The complete nucleotide sequence of the virus is provided below in zip format for convenience :

SARS-Cov-2 complete genome

Since we want to search for the presence (or absence) of and Hemalutinin-Esterase gene, as found in other SARS-Cov genomes (or in other viral genomes), we take the reference protein sequence of this protein from the Human coronavirus OC43 (HCoV-OC43) strain, entry A0A482K8Y4.
The sequence (in fasta format) of the protein is easily accessible under the "Sequence" tab in Uniprot, but we also provide the link here for convenience (again as a zipped file).

Hemagglutinin-esterase of Human coronavirus OC43

Preparing the genome for BLAST

To execute the search in a reasonable time, BLAST needs to have the database sequence mostly in fasta format (text) pre-processed into 3 binary files :

  • nsq : sequence data
  • pin : sequence indices
  • phr : complete identifiers

The command to execute is :

makeblastdb -in sars-cov-2-NC_045512.2.fasta -out sars2Genome -dbtype nucl

The result of this command is :

Building a new DB, current time: 11/20/2020 13:41:28
New DB name:   /home/stephane/Nextcloud/Enseignement/Bioinformatique/BLAST/sars2Genmoe
New DB title:  sars-cov-2-NC_045512.2.fasta
Sequence type: Nucleotide
Keep MBits: T
Maximum file size: 1000000000B
Adding sequences from FASTA; added 1 sequences in 0.000279903 seconds.

Since we took the raw nucleotide genome, there is only one (big !) sequence found and indexed.
Please note that we have very restricted use of the makeblastdb command, more options are available in the online documentation.
To search for protein results from a protein query into a nucleotide query we use tblastn (as indicated above) :

blast -query A0A482K8Y4.fasta -db sars2Genome

Analyzing the Results

The BLAST output by default is quite verbose. The complete log is available on the following file :

BLAST result on SARS-Cov-2, query from Hemaglutinin-Esterase of HCoV-OH43

An extract of the results are presented below :

> NC_045512.2 Severe acute respiratory syndrome coronavirus 2 isolate 
Wuhan-Hu-1, complete genome

Score = 21.6 bits (44),  Expect = 1.3, Method: Compositional matrix adjust.
Identities = 9/24 (38%), Positives = 14/24 (58%), Gaps = 6/24 (25%)
Frame = -2

Query  27     VSHVNGDWFL------FGDSRSDC  44
             +SH++  W+L       G +RSDC

The first line indicates the identifier found for the identified positions. Since we did not process the genome, we only have the entire genome and not the annotated one (containing ORFs, transcripts, and proteins).

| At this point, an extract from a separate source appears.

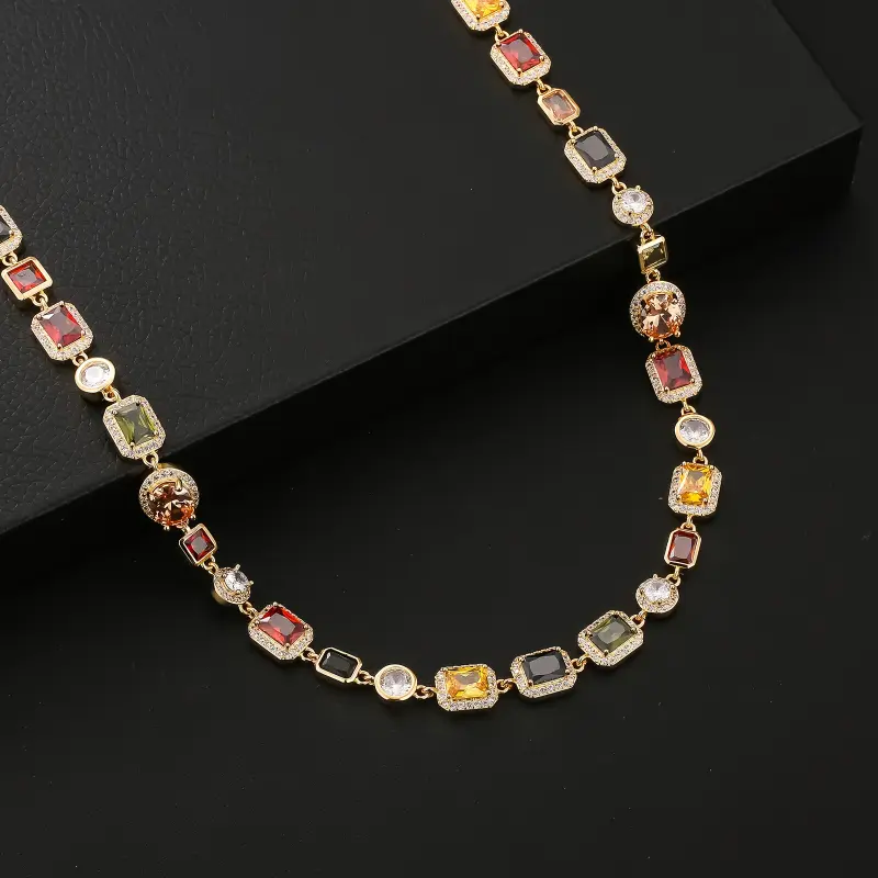 1pc 10mm Colorful Faux Faux Gemstone Necklace, Unisex Hip Hop Western Style, Synthetic Cubic Zirconia, Copper, Glamorous Chain, for Carnival, Valentine’s, St. Patrick’S Day Pendants Jewelery undefined jewelry Stainless Steel by charlotte lotus necklace

The line starting with "Score" contains BLAST information concerning the reliability of the search, If you are not familiar with these scores, you can have a look at the NCBI YouTube channel.

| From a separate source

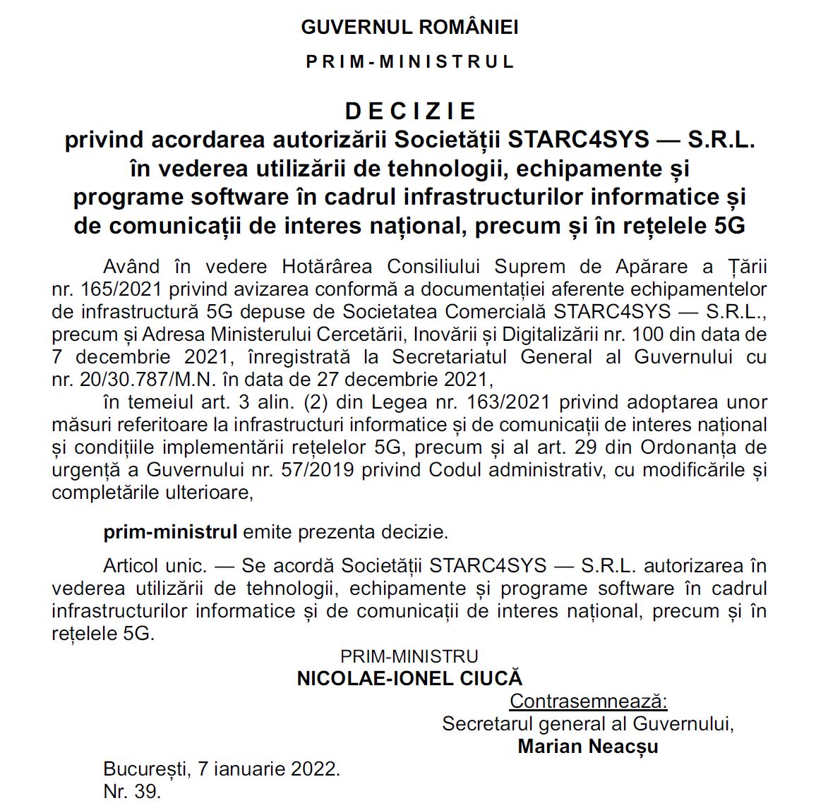 Hotărârea CSAT privind avizarea conformă a documentației aferente echipamentelor de infrastructură 5G depuse de firma Starc4Sys a avut loc în luna decembrie a anului trecut.

Important information to consider is the Expect value (1.3, which is not good), but also the Frame, -2, indicative that an offset is required from the initial genome translation site to find the open reading frame.
The lines starting with Query and Sbject (Subject) indicate where a match between the query sequence (the Hemaglutinin-Esterase from HCov-OC43) and the reference genome is found.

This shows that in the HE sequence, from position 27 to position 44, a match is found in the SARS-CoV-2 genome at positions between 24274 and 24203. Please remark that the numbering is reversed in the output, this is indicative of the putative presence os this sequence on the reverse-complement strand of the RNA.

The rest of the BLAST output is shown below.

Score = 21.6 bits (44),  Expect = 1.4, Method: Compositional matrix adjust.
Identities = 7/18 (39%), Positives = 11/18 (61%), Gaps = 0/18 (0%)
Frame = -2

             +K IC N  +DF  V ++
Sbjct  23452  SKLICMNSNRDFCAVNIL  23399

Score = 21.2 bits (43),  Expect = 1.9, Method: Compositional matrix adjust.
Identities = 12/46 (26%), Positives = 22/46 (48%), Gaps = 3/46 (7%)
Frame = -3

             Y +L  + V  +YN  +        CKS   V++  +++ PQA + 

Score = 21.2 bits (43),  Expect = 1.9, Method: Compositional matrix adjust.
Identities = 10/27 (37%), Positives = 14/27 (52%), Gaps = 6/27 (22%)
Frame = +1

             I+G L   N        +NG+W+ FGD
Sbjct  14041  IVGVLTLDN------QDLNGNWYDFGD  14103

Score = 19.2 bits (38),  Expect = 7.1, Method: Compositional matrix adjust.
Identities = 8/27 (30%), Positives = 13/27 (48%), Gaps = 0/27 (0%)
Frame = +2

             +D RWN  R   +      Q  +C+F+

In short, it is possible to find very tiny portions of the HE protein at the genomic level of SARS-Cov-2 (although barely significantly). If you still want to go deeper into BLAST interpretation, here is a nice video on it !

What happens ?

If we glue up the results, this means that we can find some matches in the SARS-Cov-2 genome, respectively on 24 amino acids + 18 + 46 +27 + 27, for a total of 142, or about one-third of the total protein length. But this difficult to imagine. This would require the virus polymerase to do multiple back-and-forth movements between frames (-2, then -3, then +1 and +2).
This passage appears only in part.